• **YOUR OBJECTIVE**:
An exact copy is required of the lines running from the one that contains "Greeploos badkamermeubel in" to the end of the material, both ends included, with pictures omitted.

• **COLLECTED DATA**:
###
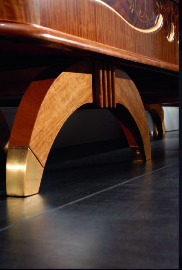 Sideboard from Italian producer Armando Rho. The model is made from solid wood inlaid with combinations of several types of wood. The hand-carved finish lacquer. Colours in stock.
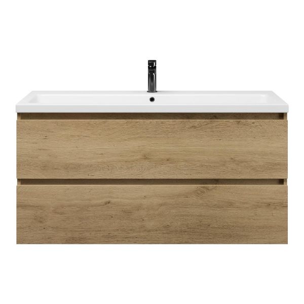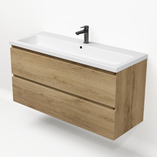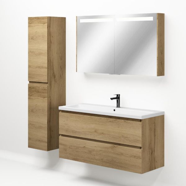 Greeploos badkamermeubel in de kleur eiken warm is 120 cm breed. De wastafel is vervaardig in keramiek en heeft de kleur wit keramiek.
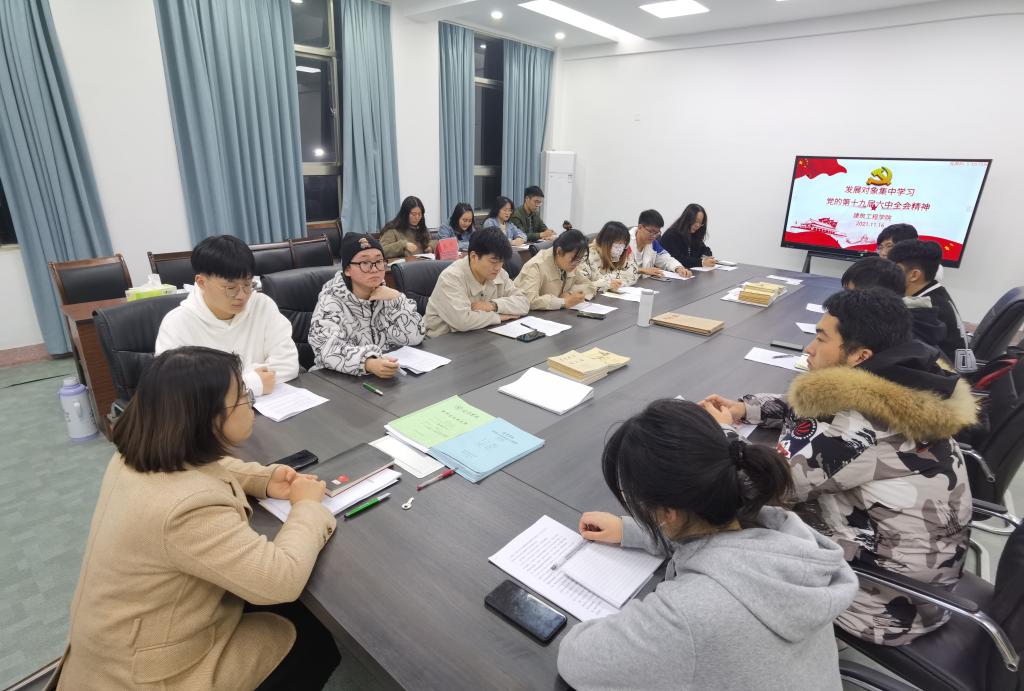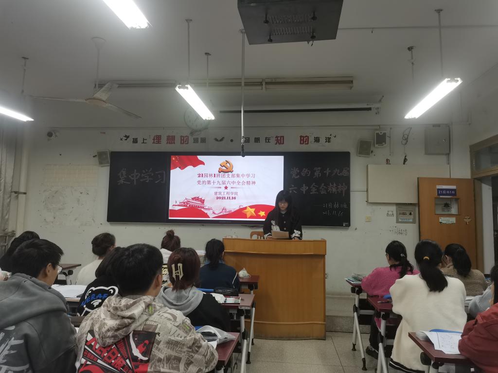 2021年11月16日下午,建筑工程学院组织团学干部在E209集中学习了党的十九届六中全会精神,团总支书记王倩老师领学。
###
• **ANSWER TO THIS PROBLEM**:
 Greeploos badkamermeubel in de kleur eiken warm is 120 cm breed. De wastafel is vervaardig in keramiek en heeft de kleur wit keramiek.
 2021年11月16日下午,建筑工程学院组织团学干部在E209集中学习了党的十九届六中全会精神,团总支书记王倩老师领学。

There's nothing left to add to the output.